Flint was born at Greenburn, Sibbaldbie near Applegarth in Dumfriesshire on 14 March 1838, the son of Grace Johnston (née Paterson) and Robert Flint, a farm overseer. His first school was at Evan Water then he moved to Moffat. In 1852, he entered the University of Glasgow where he distinguished himself (without graduating) in arts and divinity.

Having been employed as a lay missionary by the 'Elders' Association of Glasgow', Flint was licensed to preach as a Church of Scotland minister by the Presbytery of Glasgow in June 1858, and for a short time acted as assistant to Norman Macleod, at the Barony Church, Glasgow. He was minister of the East Church, Aberdeen from 1859 to 1862, and of Kilconquhar church in Fife from 1862 to 1864, a small country village parish, which gave him leisure for study, improved by visits to Germany.

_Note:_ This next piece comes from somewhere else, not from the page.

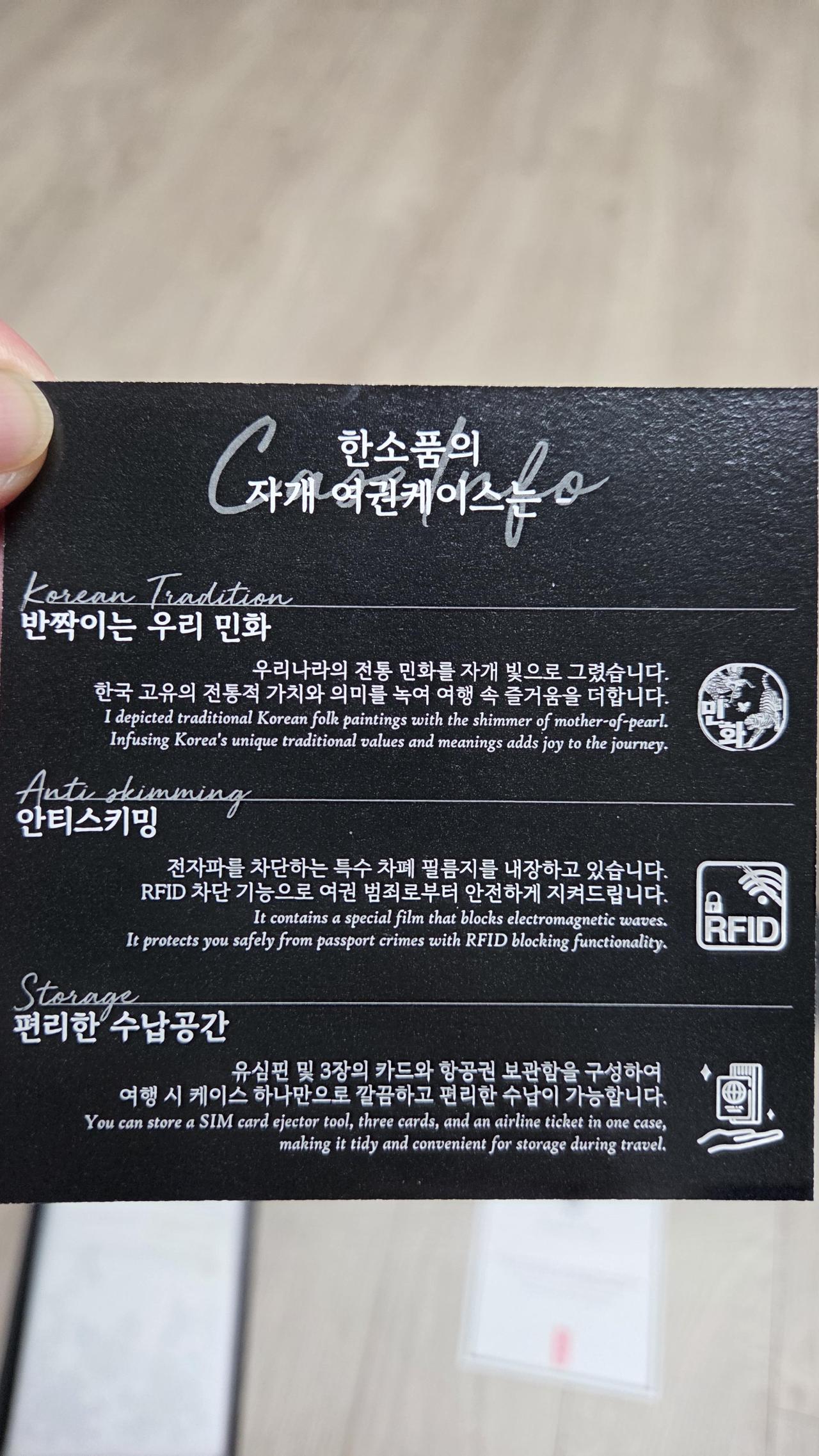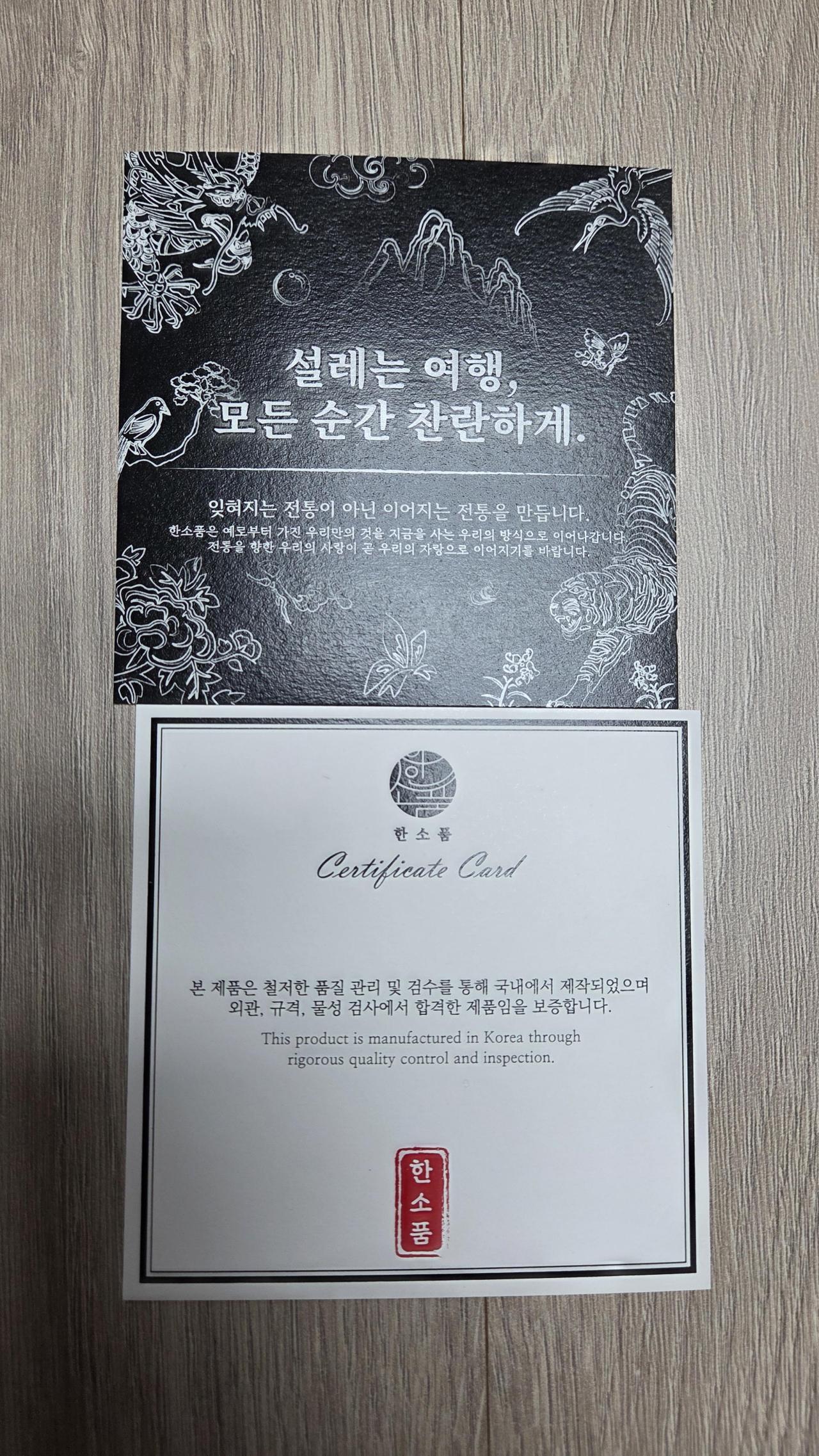 올해 2월 친구들과 여행시 사용 및 선물용으로 구입했는데 사정상 전달은 못했으나 이쁘네요.나비 흰색 2개, 블랙 1개, 붉은말 1개 구입했는데 뒷면 디자인은 나비와 말이 틀리네요.여행시 소지하면 눈에 확 들어올것 같네요

On the death of James Frederick Ferrier in 1864, Flint was elected to succeed him in the moral philosophy chair at the University of St Andrews, among the competing candidates being Thomas Hill Green. This chair he held till 1876, when he succeeded Thomas Jackson Crawford in the divinity chair of the University of Edinburgh. On this appointment he was awarded doctorates by both the University of Glasgow (LLD) and the University of Edinburgh (DD). Thomas Chalmers had similarly migrated from the one chair to the other.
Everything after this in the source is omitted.